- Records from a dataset

== Segment start ==

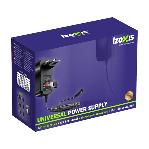 Univerzálny adaptér Izoxis je vybavený šiestimi vymeniteľnými koncovkami rôznych veľkostí a regulovateľným napätím, čo z neho robí perfektné riešenie pre väčšinu DC zariadení. Vďaka presnému nastaveniu napätia pomocou kľúča je použitie bezpečné a jednoduché.
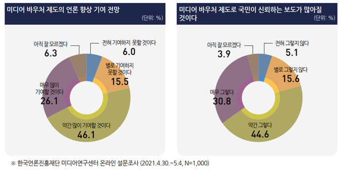 전체 응답자 기준 미디어 바우처 제도가 언론을 향상시키는데 기여할 것이란 긍정적 전망은 72.2%로 나타났다. 바우처 제도로 국민이 신뢰하는 보도가 많아질 것이란 예상도 75.4%였다.
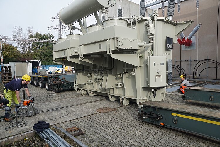 Beim Unterwerk in Opfikon manövriert er seinen Anhänger zentimetergenau über die Schienen neben dem Gebäude. Darauf wird der Transformator, der über passende Räder verfügt, dann direkt vom komplett teilbaren Spezialanhänger abgesetzt und mittels Motorwinde und Drahtseil seitwärts an seinen neuen Bestimmungsort verschoben. Das erneute Zusammensetzen des leeren Anhängers braucht dabei fast genauso viel Zeit wie das Absetzen der Fracht.
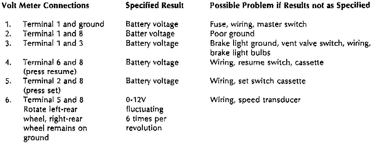All system testing may be performed with a multi-meter and jumper wire at the cruise control ECU connector.
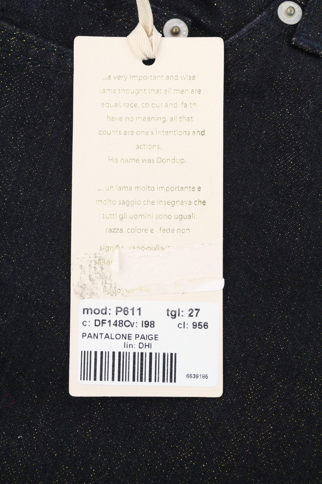 DONDUP moteriški džinsai 27 juodi, auksiniai, blizgučiai, plėšyti, trumpi, laisvi, RRP295
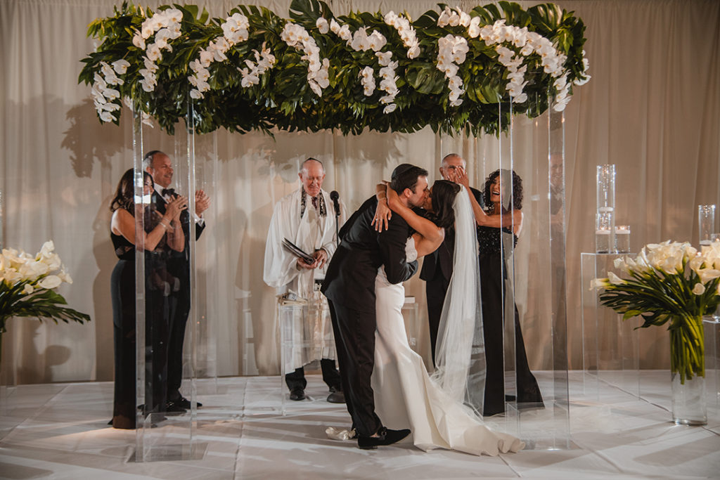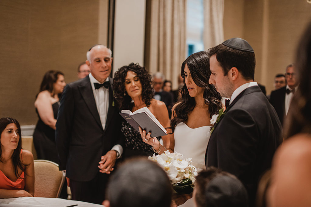 The couple mentioned their vows with their dad and mom by their sides in a Jewish ceremony.
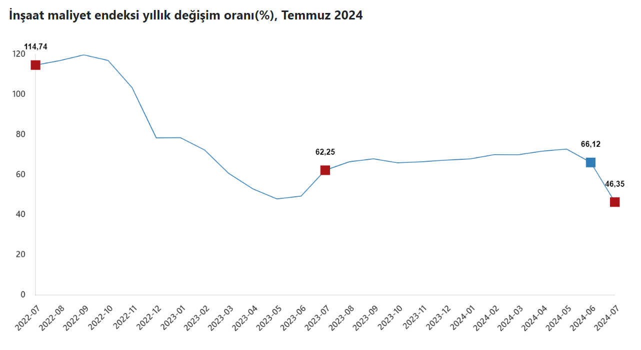 TÜİK verilerine göre inşaat maliyet endeksi temmuz ayında yıllık bazda yüzde 46,35, aylık bazda yüzde 1,91 artış kaydetti. Böylelikle inşaat maliyetlerindeki artış hızı temmuz ayında yavaşlamış oldu. TÜİK, temmuzda ayı İnşaat Maliyet Endeksi verilerini açıkladı. İnşaat maliyet endeksi, 2024 yılı temmuz ayında bir önceki aya göre yüzde 1,91 arttı, bir önceki yılın aynı ayına göre yüzde 46,35 arttı. Kaynak: TÜİK Bir önceki aya göre malzeme endeksi yüzde 2,12 arttı, işçilik endeksi yüzde 1,49 arttı. Ayrıca bir önceki yılın aynı ayına göre malzeme endeksi yüzde 41,01 arttı, işçilik endeksi yüzde 58,40 arttı. Önceki ay inşaat maliyetleri yıllık bazda yüzde 68,12 artış göstermişti. Böylece inşaat maliyetlerinin artış hızı temmuzda gerilemiş oldu. Bina maliyeti Bina inşaatı maliyet endeksi, bir önceki aya göre yüzde 1,53 arttı, bir önceki yılın aynı ayına göre yüzde 46,78 arttı. Bir önceki aya göre malzeme endeksi yüzde 1,69 arttı, işçilik endeksi yüzde 1,24 arttı. Ayrıca bir önceki yılın aynı ayına göre malzeme endeksi yüzde 41,82 arttı, işçilik endeksi yüzde 57,38 arttı. Bina dışı yapıların maliyeti Bina dışı yapılar için inşaat maliyet endeksi, bir önceki aya göre yüzde 3,14 arttı, bir önceki yılın aynı ayına göre yüzde 45,01 arttı. Bir önceki aya göre malzeme endeksi yüzde 3,47 arttı, işçilik endeksi yüzde 2,40 arttı. Ayrıca bir önceki yılın aynı ayına göre malzeme endeksi yüzde 38,58 arttı, işçilik endeksi yüzde 62,18 arttı.
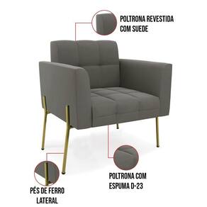 Você gosta de colecionar vários momentos memoráveis com sua família e amigos? Que tal recebê-los, com móveis de altíssima qualidade que só a D'Rossi tem? A Poltrona Elisa é adequada para você! Seu design retrô é a grande tendência do momento. Pode ser usada em diversos espaços da casa, em salas, hall de entrada, quartos, cozinhas, varanda, sacada, escritório, dentre outros. Contém as seguintes características: A estrutura é feita Madeira de Eucalipto 100% de reflorestamento, Pés de Ferro Dourado que além de ser resistente e durável, suporta em média até 120 kg. Assento, encosto e braços, contém enchimento de espuma D-23 e é estofada em tecido Suede no tom Grafite, que oferece muito conforto e resistência ao sentar, com aquela sensação de maciez e aconchego. Possui também, detalhes de costura no encosto e assento, resultando em um acabamento impecável, conferindo muito mais valor e elegância ao seu espaço. Para complementar a decoração com essa linda poltrona, a dica é utilizar mantas, almofadas ou vasinho de flor. E pronto, seu cantinho estará perfeito para descansar e relaxar! Aqui, você encontra várias opções, para que seus amigos e familiares se sintam acolhidos. Garanta já sua Poltrona.

== Segment end ==

- Problem statement
Transcribe the records above exactly, leaving every picture out of the copy.

- Task response
 Univerzálny adaptér Izoxis je vybavený šiestimi vymeniteľnými koncovkami rôznych veľkostí a regulovateľným napätím, čo z neho robí perfektné riešenie pre väčšinu DC zariadení. Vďaka presnému nastaveniu napätia pomocou kľúča je použitie bezpečné a jednoduché.
 전체 응답자 기준 미디어 바우처 제도가 언론을 향상시키는데 기여할 것이란 긍정적 전망은 72.2%로 나타났다. 바우처 제도로 국민이 신뢰하는 보도가 많아질 것이란 예상도 75.4%였다.
 Beim Unterwerk in Opfikon manövriert er seinen Anhänger zentimetergenau über die Schienen neben dem Gebäude. Darauf wird der Transformator, der über passende Räder verfügt, dann direkt vom komplett teilbaren Spezialanhänger abgesetzt und mittels Motorwinde und Drahtseil seitwärts an seinen neuen Bestimmungsort verschoben. Das erneute Zusammensetzen des leeren Anhängers braucht dabei fast genauso viel Zeit wie das Absetzen der Fracht.
All system testing may be performed with a multi-meter and jumper wire at the cruise control ECU connector.
 DONDUP moteriški džinsai 27 juodi, auksiniai, blizgučiai, plėšyti, trumpi, laisvi, RRP295
 The couple mentioned their vows with their dad and mom by their sides in a Jewish ceremony.
 TÜİK verilerine göre inşaat maliyet endeksi temmuz ayında yıllık bazda yüzde 46,35, aylık bazda yüzde 1,91 artış kaydetti. Böylelikle inşaat maliyetlerindeki artış hızı temmuz ayında yavaşlamış oldu. TÜİK, temmuzda ayı İnşaat Maliyet Endeksi verilerini açıkladı. İnşaat maliyet endeksi, 2024 yılı temmuz ayında bir önceki aya göre yüzde 1,91 arttı, bir önceki yılın aynı ayına göre yüzde 46,35 arttı. Kaynak: TÜİK Bir önceki aya göre malzeme endeksi yüzde 2,12 arttı, işçilik endeksi yüzde 1,49 arttı. Ayrıca bir önceki yılın aynı ayına göre malzeme endeksi yüzde 41,01 arttı, işçilik endeksi yüzde 58,40 arttı. Önceki ay inşaat maliyetleri yıllık bazda yüzde 68,12 artış göstermişti. Böylece inşaat maliyetlerinin artış hızı temmuzda gerilemiş oldu. Bina maliyeti Bina inşaatı maliyet endeksi, bir önceki aya göre yüzde 1,53 arttı, bir önceki yılın aynı ayına göre yüzde 46,78 arttı. Bir önceki aya göre malzeme endeksi yüzde 1,69 arttı, işçilik endeksi yüzde 1,24 arttı. Ayrıca bir önceki yılın aynı ayına göre malzeme endeksi yüzde 41,82 arttı, işçilik endeksi yüzde 57,38 arttı. Bina dışı yapıların maliyeti Bina dışı yapılar için inşaat maliyet endeksi, bir önceki aya göre yüzde 3,14 arttı, bir önceki yılın aynı ayına göre yüzde 45,01 arttı. Bir önceki aya göre malzeme endeksi yüzde 3,47 arttı, işçilik endeksi yüzde 2,40 arttı. Ayrıca bir önceki yılın aynı ayına göre malzeme endeksi yüzde 38,58 arttı, işçilik endeksi yüzde 62,18 arttı.
 Você gosta de colecionar vários momentos memoráveis com sua família e amigos? Que tal recebê-los, com móveis de altíssima qualidade que só a D'Rossi tem? A Poltrona Elisa é adequada para você! Seu design retrô é a grande tendência do momento. Pode ser usada em diversos espaços da casa, em salas, hall de entrada, quartos, cozinhas, varanda, sacada, escritório, dentre outros. Contém as seguintes características: A estrutura é feita Madeira de Eucalipto 100% de reflorestamento, Pés de Ferro Dourado que além de ser resistente e durável, suporta em média até 120 kg. Assento, encosto e braços, contém enchimento de espuma D-23 e é estofada em tecido Suede no tom Grafite, que oferece muito conforto e resistência ao sentar, com aquela sensação de maciez e aconchego. Possui também, detalhes de costura no encosto e assento, resultando em um acabamento impecável, conferindo muito mais valor e elegância ao seu espaço. Para complementar a decoração com essa linda poltrona, a dica é utilizar mantas, almofadas ou vasinho de flor. E pronto, seu cantinho estará perfeito para descansar e relaxar! Aqui, você encontra várias opções, para que seus amigos e familiares se sintam acolhidos. Garanta já sua Poltrona.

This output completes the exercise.